Many American students who have been offered university places never enroll, because they fail to complete tasks like choosing courses and applying for financial support.  uAspire, an American charity, sent eight text messages reminding students about specific tasks their university required.  Those students were 3.1 percentage points more likely to enroll; the increase was almost twice as large among low-income students (SBST, 2015).  Likewise, when people were asked to attend flu vaccinations and given times and dates of future clinics, those invited to write down when and where they intended to receive the vaccination were 4 percentage points more likely to do receive vaccinations (Rogers et al., 2015).  3) Break actions into smaller steps.

Many people spend time waiting for organ donations because of a lack of suitable donors.  In European countries where one must opt to become an organ donor, donation rates are around 15%; in countries where one must opt out, they are around 98% (Bertrand, Mullainathan and Shafir, 2006): people tend to stick with the default.  The Save More Tomorrow programme applied this principle (and others) to encourage retirement saving.  Workers were invited to increase their pension contributions: some did.  Those who did not were invited to commit to increasing their contributions each time they received a pay rise.  Although the first group (who chose to increase contributions immediately) were perhaps more enthusiastic savers, the contributions the second group made soon exceeded theirs: a commitment to increasing pension contributions had become the default (Thaler and Benartzi, 2004).  4) Change the default.

Conclusion

If we want to make a behaviour easy, we can:

  1. Simplify information and instructions (cut fifty pages to one)
  2. Remove barriers (direct people to the page they need)
  3. Break actions into smaller steps (remind students about individual actions)
  4. Change the default (make increasing contributions the default)

We can deter undesirable actions too.  For example, people who overdosed on paracetamol often reported that this was impulsive, using drugs already stored at home.  The government restricted the size of packs sold over the counter.  Changing the default created a (fairly negligible) barrier to obtaining paracetamol.  Deaths from paracetamol poisoning fell by 43% (Hawton et al., 2013).

Future posts suggest ways to apply these principles in schools and discuss times when making desirable behaviour easy might be a mistake.  The first looks at how we can break actions into smaller steps for students, here, the second at how we can make the first step easy to take.

If you found this interesting, you might also like…

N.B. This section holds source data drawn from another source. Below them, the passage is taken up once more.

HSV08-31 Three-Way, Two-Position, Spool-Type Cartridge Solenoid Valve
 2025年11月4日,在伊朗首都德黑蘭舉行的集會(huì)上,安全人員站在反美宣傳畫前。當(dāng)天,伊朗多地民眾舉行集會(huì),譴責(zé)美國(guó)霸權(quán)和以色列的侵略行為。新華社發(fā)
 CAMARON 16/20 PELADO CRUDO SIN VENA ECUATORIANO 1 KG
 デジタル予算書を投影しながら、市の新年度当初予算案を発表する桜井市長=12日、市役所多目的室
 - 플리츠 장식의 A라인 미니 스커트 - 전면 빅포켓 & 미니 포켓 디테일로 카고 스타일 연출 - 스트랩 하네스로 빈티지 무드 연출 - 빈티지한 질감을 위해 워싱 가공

A description of my changing understanding of behaviour, here.

My initial response to discovering behavioural psychology, and ideas about how teachers could use it, here.

The guide I’m writing to using behavioural psychology for teachers.  To learn more, sign up here.

References

Behavioural Insights Team (2017). The Behavioural Insights Team Update Report 2016-17.

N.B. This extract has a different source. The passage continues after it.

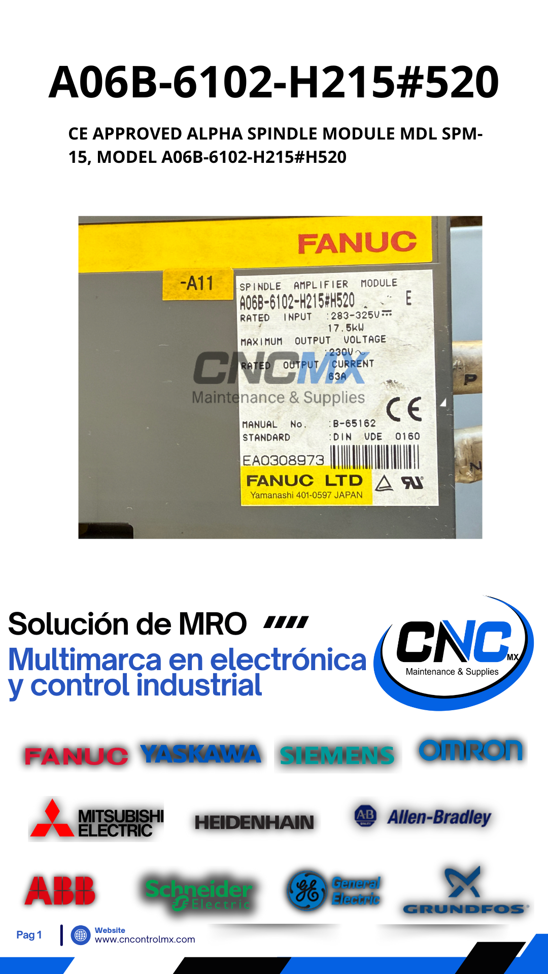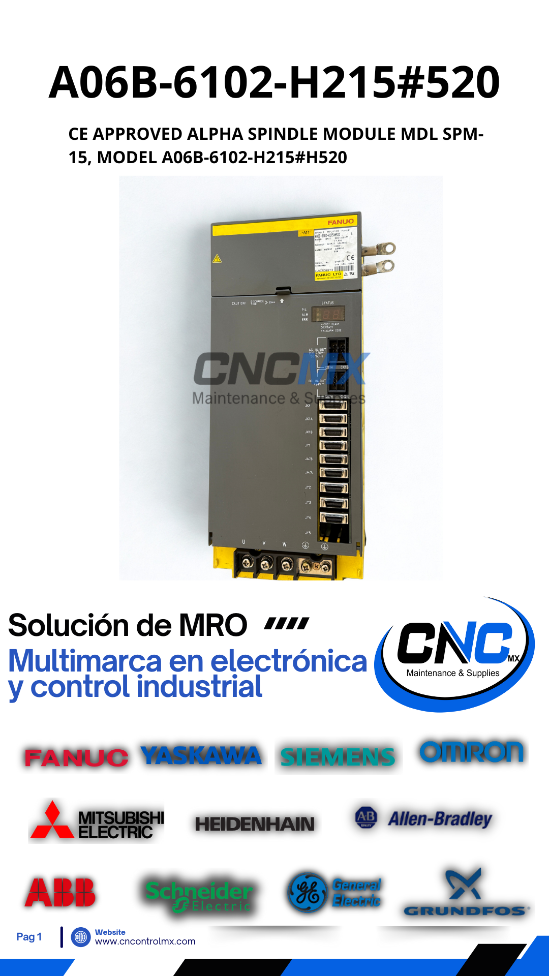 CE APPROVED ALPHA SPINDLE MODULE MDL SPM-15, MODEL A06B-6102-H215#H520

Bertrand, M., Mullainathan, S. and Shafir, E. (2006). Behavioral Economics and Marketing in Aid of Decision Making Among the Poor. Journal of Public Policy & Marketing, 25(1), pp.8-23.

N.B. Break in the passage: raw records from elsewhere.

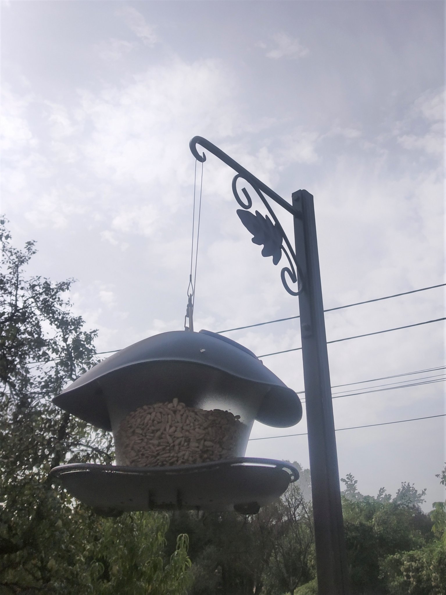 Забелязахме, че след като се нахранят гугутките стоят на хранилката, която е неподвижна върху единия кол на портата и не допускат малките цветни птички. Прочетохме, че за целта се прави втора люлееща се хранилка на поне метър и седемдесет над земята и ето:
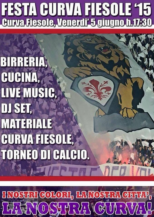 Andrà in scena, questa sera, venerdì 5 giugno, la tradizionale festa della Curva Fiesole. Cibo, musica e tanto tifo all'insegna della passione per la Fiorentina a partire dalle 17:30.
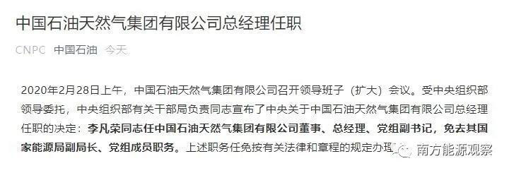 繼2020年1月17日中石油、中石化換帥之后,中石油今日再次迎來(lái)新的人事任命。據(jù)中石油集團(tuán)官方微信公眾號(hào)信息,國(guó)家能源局副局長(zhǎng)李凡榮調(diào)任中國(guó)石油天然氣集團(tuán)有限公司董事、總經(jīng)理、黨組副書(shū)記。
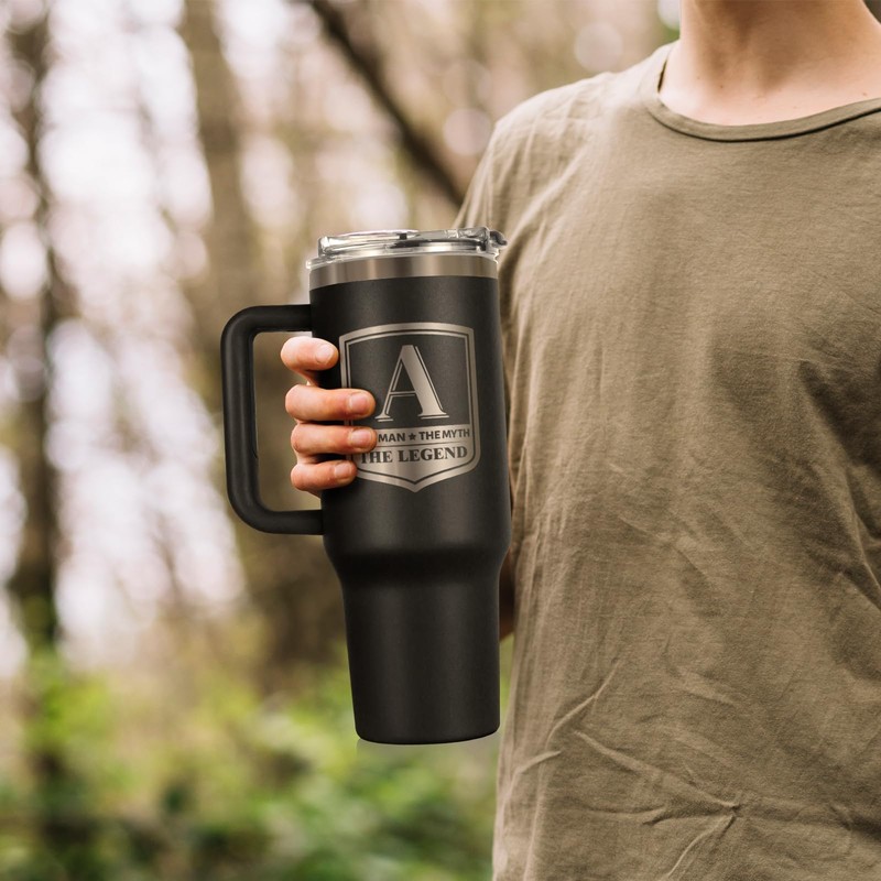 leebbsin Gifts for Men, Initial 40oz Tumbler with handle and straw, Personalized Birthday Gifts for Men, Him, Dad, Grandpa, Husband, Monogrammed The Man The Myth The Legend Cup for Coffee, Tea (J)

Hawton, K., Simkin, S., Dodd, S., Pocock, P., Bernal, W., Gunnell, D., and Kapur, N. (2013). Long term effect of reduced pack sizes of paracetamol on poisoning deaths and liver transplant activity in England and Wales: interrupted time series analyses. British Medical Journal, p.346.

Rogers, T., Milkman, K., John, L. and Norton, M. (2015). Beyond good intentions: Prompting people to make plans improves follow-through on important tasks. Behavioral Science & Policy, 1(2), pp.33-41.

Service, O., Hallsworth, M., Halpern, D., Algate, F., Gallagher, R., Nguyen, S., Ruda, S., Sanders, M. (2014). EAST: Four simple ways to apply behavioural insights. Behavioural Insights Team.

Social and Behavioral Sciences Team. (2015). Annual Report. Office of Science and Technology Policy.

Thaler, R., Benartzi, S. (2004) Save More Tomorrow: Using Behavioral Economics to Increase Employee Saving. Journal of Political Economy 112(1) 164-187.